Z moich dotychcasowych doswiadczeń w pracy zawodowej wynika, że do programu nauczania warto byłoby właczyć takie punkty:
- Samodzielne opracowanie przez studenta wykazu akt (jakiejs wymyslonej instytucji) - najlepiej na ocenę
- Samodzielne opracowanie instrukcji kancelaryjnej - poznanie szeregu instrukcji i ogólnych zasad to za mało - bardzo przydałoby się, żeby student był zmuszony samemu napisac taka instrukcję - oczywiście przeważnie będzie to powielanie istniejacych wzorców (podobnie jak z wykazem) ale dawałoby to znacznie wiekszą pewnośc siebie przyszłemu archiwiscie.
- Więcej informatyki - zdaję sobie sprawę, że bywa tak iż na zajecia przychodza osoby z niemal zerową znajomoscią programów komputerowych (potrafią właczyć komputer, napisać, wyjustować i wydrukować pracę w Wordzie i sprawdzić pocztę, ew zagrać w pasjansa albo sapera
). Inni - majacy wiecej rozeznania w tym temacie czekają praktycznie przez cały okres trwania kursu aż pozostali ich dogonią - moim zdaniem należałoby przedłuzyć kurs o przynajmniej 2 semestry - zaawansowana znajomość edytorów tekstu, baz danych (nie koniecznie tylko Acces) a arkusze kalkulacyjne też by nie zaszkodziły. Za to projektowanie stron internetowych jest zbędne.

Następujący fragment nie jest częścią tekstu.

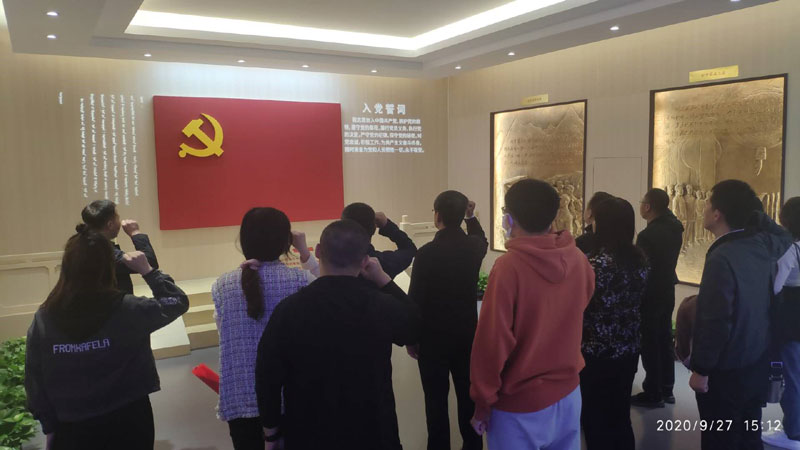 9月27日,集團公司黨委辦公室組織機關(guān)及樓內(nèi)企業(yè)黨支部黨員參觀“黨員政治生活館”,并通過“燭見初心”、重溫入黨誓詞、觀看《建黨大業(yè)》影片等形式,過了一次生動的主題黨日活動。通過活動,使每名黨員在思想上得到了洗禮,精神上得到了鼓舞。大家紛紛表示,一定要以革命先輩為榜樣,更好地繼承和發(fā)揚共產(chǎn)黨人精神,不忘初心、牢記使命,在全面建成小康社會的征程上貢獻(xiàn)自己的力量。該展館位于康巴什新區(qū),總面積1300平米,共有初心永承、激濁揚清、牢記使命、淬煉本色、砥礪前行等5個功能板塊。展館采用數(shù)字多媒體技術(shù),給廣大黨員帶來了耳目一新的體驗。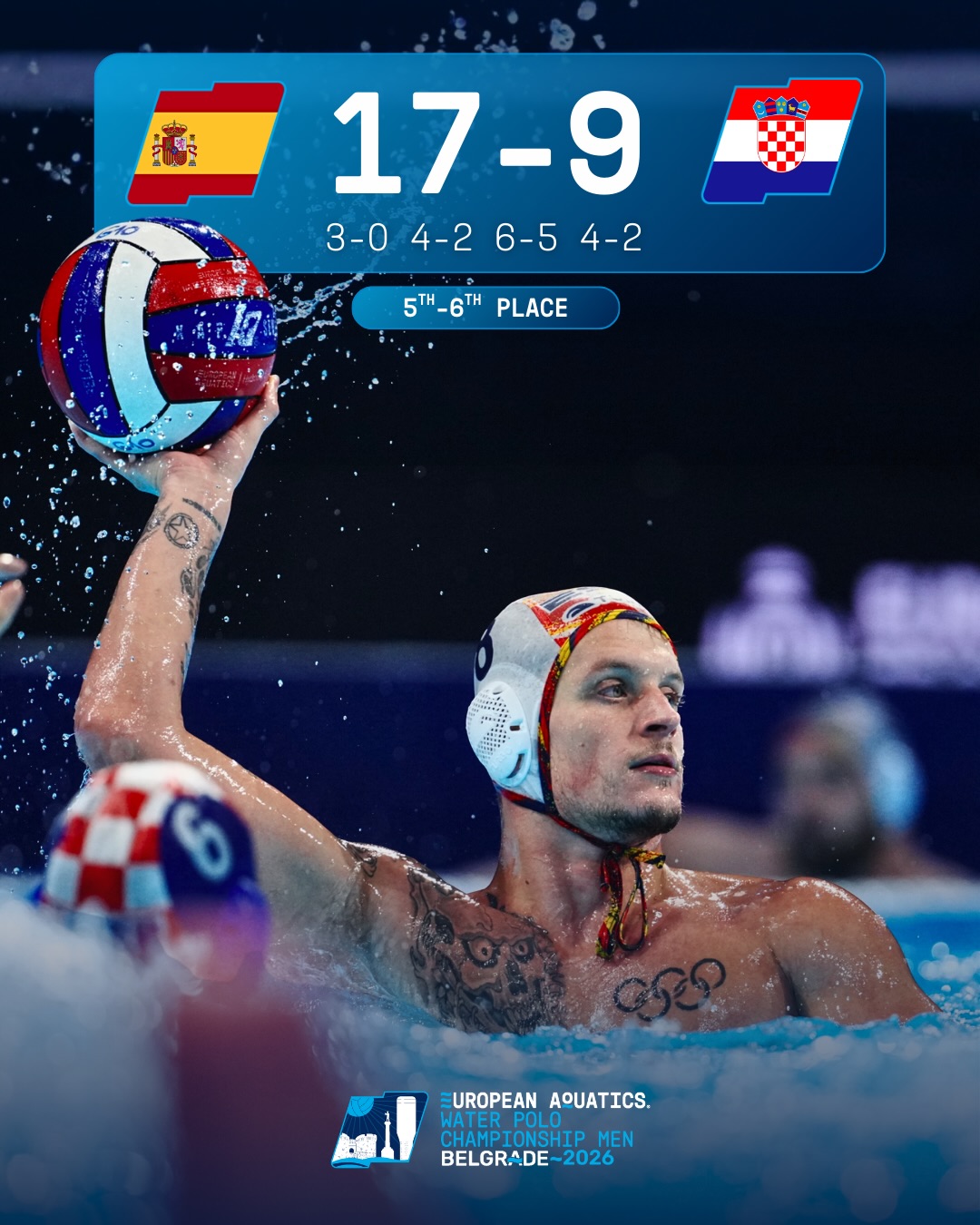 Απόψε, στο Βελιγράδι, οι δύο ομάδες μονομάχησαν για την πέμπτη θέση. Η Ισπανία ήταν και πάλι νικήτρια. Αυτή τη φορά πιο εύκολα. Το τελικό 17-9 τα λέει όλα. Οι Ίβηρες είχαν το πάνω χέρι σε όλη τη διάρκεια του αγώνα και πήραν εύκολα τη νίκη.

- Praktyczne zajecia z "żywym" materiałem aktowym - ja akurat takie miałem ale wiem, że koleżanki/koledzy niekoniecznie a jest to naprawde potrzebne
Powyzsze propozycje znacznie poprawiałyby przygotowanie zawodowe - praktyczne i zmniejszałyby konieczność przedłużania praktyk. Co do samych praktyk to myśle, że niewielka tylko cześc studentów archiwistyki może wchłonać Państwowa Służba Archiwalna a co za tym idzie konieczne są zwłaszcza praktyki w archiwach zakładowych i róznych instytucjach nie będących archiwami państwowymi.